• Input data
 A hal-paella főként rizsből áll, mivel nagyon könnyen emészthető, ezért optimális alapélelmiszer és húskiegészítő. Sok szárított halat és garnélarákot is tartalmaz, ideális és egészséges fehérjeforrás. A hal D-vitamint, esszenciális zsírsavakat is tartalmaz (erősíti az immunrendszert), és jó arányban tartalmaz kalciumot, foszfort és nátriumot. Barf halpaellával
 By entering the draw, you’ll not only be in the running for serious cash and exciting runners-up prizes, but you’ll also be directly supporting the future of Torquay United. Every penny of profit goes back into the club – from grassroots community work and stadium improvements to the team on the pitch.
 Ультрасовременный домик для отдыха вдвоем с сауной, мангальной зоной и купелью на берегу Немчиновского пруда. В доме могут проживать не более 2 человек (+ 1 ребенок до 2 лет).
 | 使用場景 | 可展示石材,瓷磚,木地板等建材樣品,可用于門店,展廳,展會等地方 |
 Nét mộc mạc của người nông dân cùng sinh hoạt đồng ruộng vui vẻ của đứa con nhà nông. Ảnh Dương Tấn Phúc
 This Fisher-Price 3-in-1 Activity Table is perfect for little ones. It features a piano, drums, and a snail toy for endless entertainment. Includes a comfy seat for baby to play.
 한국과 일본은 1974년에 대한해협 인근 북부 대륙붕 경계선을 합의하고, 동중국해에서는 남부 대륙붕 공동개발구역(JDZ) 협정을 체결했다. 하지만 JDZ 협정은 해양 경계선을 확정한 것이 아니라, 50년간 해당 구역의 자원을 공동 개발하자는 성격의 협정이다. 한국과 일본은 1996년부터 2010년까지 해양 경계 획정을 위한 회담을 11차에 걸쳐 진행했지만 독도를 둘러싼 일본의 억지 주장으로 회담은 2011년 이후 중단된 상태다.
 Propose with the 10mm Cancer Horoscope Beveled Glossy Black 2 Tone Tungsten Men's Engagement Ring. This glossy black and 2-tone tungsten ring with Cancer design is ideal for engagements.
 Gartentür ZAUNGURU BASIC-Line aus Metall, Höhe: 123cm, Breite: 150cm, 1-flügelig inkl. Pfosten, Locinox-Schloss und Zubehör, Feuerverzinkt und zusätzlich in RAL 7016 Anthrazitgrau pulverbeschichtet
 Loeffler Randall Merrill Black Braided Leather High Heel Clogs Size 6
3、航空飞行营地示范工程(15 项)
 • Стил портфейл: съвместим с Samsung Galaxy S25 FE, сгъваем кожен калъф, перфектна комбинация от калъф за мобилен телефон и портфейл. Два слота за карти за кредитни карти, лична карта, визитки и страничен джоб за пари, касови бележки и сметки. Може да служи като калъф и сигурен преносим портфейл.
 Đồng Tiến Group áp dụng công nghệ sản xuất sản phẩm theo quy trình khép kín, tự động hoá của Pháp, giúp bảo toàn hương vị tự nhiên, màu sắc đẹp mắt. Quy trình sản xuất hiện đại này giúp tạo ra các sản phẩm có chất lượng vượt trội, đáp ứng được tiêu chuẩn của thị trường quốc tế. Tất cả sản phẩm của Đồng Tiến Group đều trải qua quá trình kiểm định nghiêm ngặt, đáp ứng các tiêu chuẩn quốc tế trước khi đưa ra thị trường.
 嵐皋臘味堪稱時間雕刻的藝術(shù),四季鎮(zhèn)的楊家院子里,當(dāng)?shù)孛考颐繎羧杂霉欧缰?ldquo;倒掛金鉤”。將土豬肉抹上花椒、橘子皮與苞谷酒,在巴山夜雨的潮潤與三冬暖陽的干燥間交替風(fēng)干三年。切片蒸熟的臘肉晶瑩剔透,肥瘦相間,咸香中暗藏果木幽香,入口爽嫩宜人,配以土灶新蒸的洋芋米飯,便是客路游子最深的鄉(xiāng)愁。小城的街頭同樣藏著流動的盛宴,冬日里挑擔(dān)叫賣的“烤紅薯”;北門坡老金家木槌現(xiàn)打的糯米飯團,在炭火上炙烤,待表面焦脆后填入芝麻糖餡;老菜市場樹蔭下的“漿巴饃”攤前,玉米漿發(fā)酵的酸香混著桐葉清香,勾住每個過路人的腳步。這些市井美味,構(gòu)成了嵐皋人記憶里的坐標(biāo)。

• To do
Nothing but a number should be given: the count of lines above that hold "Black".

• Solution below
2